You'll have to enumerate why that is.
Kevin outlined some of the reasons already in a reply: https://www.redhat.com/archives/fedora-devel-list/2009-June/msg00073.html
One reason I've avoided this is added confusion as to when the "release" happens. If we created that directory and put content in there, would we have then released Fedora 12? When does it become "released" and thus trusted?
As Kevin said as well: It seems to work quite well for Ubuntu and actually avoids a lot of confusion. I'd say their scheme even works better then our scheme. I'd also think most "normal" users don't ever look on the servers.

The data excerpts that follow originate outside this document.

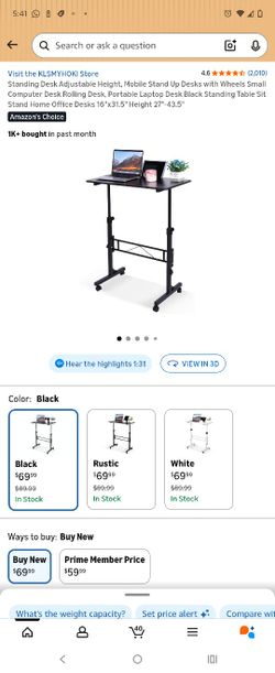 Standing Desk Adjustable Height, Mobile Stand Up Desks with Wheels Small Computer Desk Rolling Desk, Portable Laptop Desk Black Standing Table Sit Sta$35Bakersfield, CA
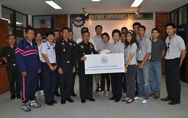 | สถาบันเทคโนโลยีป้องกันประเทศ (องค์การมหาชน) มอบเงินบริจาคจากน้ำใจเจ้าหน้าที่ให้แก่ พลตรี พลวัส แก้วเรียน ผู้อำนวยการโรงงานวัตถุระเบิดทหาร เพื่อนำไปจัดหาอาหารและน้ำดื่มไปช่วยเหลือผู้ประสบอุทกภัยในพื้นที่ที่ถูกตัดขาดการสัญจร ในเขต อ.พยุหะคีรี จว.นครสวรรค์ ตามโครงการสำนักงานปลัดกระทรวงกลาโหมช่วยเหลือผู้ประสบอุทกภัย เมื่อวันที่ 19 ตุลาคม 2554 |
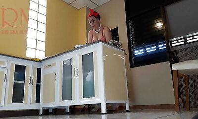 Nudist housekeeper Regina Noir cooking at the kitchen. Naked maid makes dumplings. Bare cooks. bra Trio
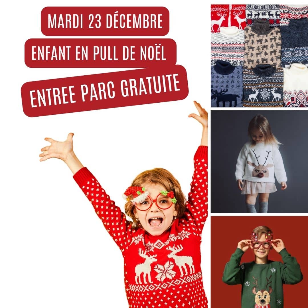 Le mardi 23 décembre, c’est la veille des festivités de Noël. Alors nous fêtons cela avec vous en offrant l’entrée aux enfants (3/12ans) habillés au couleur de Noël avec un joli pull !

BTW, one more general thing for the FAD: Would it make sense to make rawhide updates more than once a day in case something that bugs lot's of people can be fixed easily by a quick update?
CU knurd
On Tue, 2009-06-02 at 21:09 +0200, Thorsten Leemhuis wrote:
Just a general comment, not relevant for the "Announcing Fedora Activity Day". I'm glad that you gave up that quest, as "Fedora gets lot's of updates" is afaics a reason why a lot people actually use or contribute to Fedora. But that doesn't matter much. What I really want to say:
I totally agree with this:
It's just doesn't seem to be in line with the desires of the package maintainers, whether or not it's in line with the desires of (some of) the project leaders.
It IMHO shows a big and more and more pressing problem in Fedora: Packagers and leadership are not working towards the same direction.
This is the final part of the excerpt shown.